Early testers have also noticed social media links like Threads appearing on these publisher profile pages.
Shorter, branded URLs make it easier for publishers to promote their Discover profiles and build direct follower loyalty outside of standard search results.
Google: Search Quality Raters Guidelines Not A Guide For Search Rankings
Google's John Mueller clarified that the Search Quality Raters Guidelines are not a technical blueprint or direct guide for ranking.
The guidelines represent the ideal outcomes Google wants its algorithms to achieve rather than the specific signals used to rank pages.

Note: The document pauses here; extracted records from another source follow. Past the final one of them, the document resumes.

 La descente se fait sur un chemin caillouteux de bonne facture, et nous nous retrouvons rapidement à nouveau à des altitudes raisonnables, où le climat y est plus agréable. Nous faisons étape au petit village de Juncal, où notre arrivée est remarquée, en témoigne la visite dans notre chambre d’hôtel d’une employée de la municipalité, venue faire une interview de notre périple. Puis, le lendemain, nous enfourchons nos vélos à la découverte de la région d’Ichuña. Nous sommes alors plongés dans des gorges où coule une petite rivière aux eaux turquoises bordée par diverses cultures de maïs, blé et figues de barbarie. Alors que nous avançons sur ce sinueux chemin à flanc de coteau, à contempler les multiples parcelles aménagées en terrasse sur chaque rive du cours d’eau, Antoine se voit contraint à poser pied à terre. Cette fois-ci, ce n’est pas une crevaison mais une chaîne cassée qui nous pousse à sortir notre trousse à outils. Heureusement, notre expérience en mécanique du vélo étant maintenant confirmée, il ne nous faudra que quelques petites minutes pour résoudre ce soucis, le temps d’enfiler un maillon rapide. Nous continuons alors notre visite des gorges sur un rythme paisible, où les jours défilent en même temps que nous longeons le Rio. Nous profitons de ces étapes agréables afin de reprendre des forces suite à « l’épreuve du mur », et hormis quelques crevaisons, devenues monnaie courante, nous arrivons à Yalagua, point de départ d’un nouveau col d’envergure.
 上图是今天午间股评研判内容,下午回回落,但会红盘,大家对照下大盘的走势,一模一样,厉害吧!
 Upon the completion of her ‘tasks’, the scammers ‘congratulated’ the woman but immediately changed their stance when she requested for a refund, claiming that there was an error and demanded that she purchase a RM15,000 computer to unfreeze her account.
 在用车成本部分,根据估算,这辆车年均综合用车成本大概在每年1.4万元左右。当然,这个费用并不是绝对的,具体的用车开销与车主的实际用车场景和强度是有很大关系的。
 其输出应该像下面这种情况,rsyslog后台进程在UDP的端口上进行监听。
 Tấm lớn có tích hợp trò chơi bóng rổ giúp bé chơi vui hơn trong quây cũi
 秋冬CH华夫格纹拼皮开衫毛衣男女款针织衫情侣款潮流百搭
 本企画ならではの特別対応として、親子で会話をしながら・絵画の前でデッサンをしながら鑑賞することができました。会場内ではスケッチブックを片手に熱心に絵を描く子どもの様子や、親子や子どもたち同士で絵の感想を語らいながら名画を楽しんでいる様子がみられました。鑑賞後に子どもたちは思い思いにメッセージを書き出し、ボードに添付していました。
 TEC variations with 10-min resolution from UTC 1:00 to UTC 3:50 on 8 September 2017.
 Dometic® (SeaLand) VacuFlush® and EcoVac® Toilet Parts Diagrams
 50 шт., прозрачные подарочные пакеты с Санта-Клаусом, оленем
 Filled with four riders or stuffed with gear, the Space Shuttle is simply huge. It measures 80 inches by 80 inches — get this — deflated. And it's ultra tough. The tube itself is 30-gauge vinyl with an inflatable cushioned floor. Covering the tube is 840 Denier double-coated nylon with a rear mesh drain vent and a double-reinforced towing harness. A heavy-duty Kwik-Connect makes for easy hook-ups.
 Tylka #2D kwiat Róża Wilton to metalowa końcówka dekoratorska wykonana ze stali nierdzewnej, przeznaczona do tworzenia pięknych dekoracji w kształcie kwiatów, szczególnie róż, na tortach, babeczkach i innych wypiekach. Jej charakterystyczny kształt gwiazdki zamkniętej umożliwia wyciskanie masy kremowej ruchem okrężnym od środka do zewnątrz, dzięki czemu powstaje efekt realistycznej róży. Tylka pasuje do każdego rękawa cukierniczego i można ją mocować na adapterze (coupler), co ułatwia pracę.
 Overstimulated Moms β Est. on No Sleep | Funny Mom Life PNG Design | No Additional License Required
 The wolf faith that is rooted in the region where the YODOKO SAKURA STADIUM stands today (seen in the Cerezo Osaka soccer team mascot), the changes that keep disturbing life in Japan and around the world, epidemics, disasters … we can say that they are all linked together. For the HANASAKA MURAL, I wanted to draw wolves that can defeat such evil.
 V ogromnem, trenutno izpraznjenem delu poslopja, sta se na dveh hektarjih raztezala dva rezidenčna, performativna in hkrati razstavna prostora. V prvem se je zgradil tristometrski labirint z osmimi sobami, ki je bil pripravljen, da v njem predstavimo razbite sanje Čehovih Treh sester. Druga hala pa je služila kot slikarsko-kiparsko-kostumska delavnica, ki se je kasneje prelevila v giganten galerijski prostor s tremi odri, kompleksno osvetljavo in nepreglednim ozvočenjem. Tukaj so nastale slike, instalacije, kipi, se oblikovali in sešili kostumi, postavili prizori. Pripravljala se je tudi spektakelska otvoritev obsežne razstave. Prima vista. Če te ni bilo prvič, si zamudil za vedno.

While the document is public and insightful, it is used by human raters to evaluate search quality rather than by the automated ranking system itself.
Marketers should use the guidelines to understand Google's definition of content quality instead of treating them as a checklist of specific ranking factors.
Google Tests New Sitename & Favicon Layout In Search
Google is testing a new desktop search layout that places the favicon, site name, and URL together on a single line.
The site name appears in a bold font in this experimental interface, which differs from the standard stacked two-line display.
Several SEO professionals reported seeing the widespread test, indicating Google is evaluating how users interact with site identity markers.
This layout change emphasizes brand names through bolding and may alter click-through rates by changing how much vertical space each organic result occupies.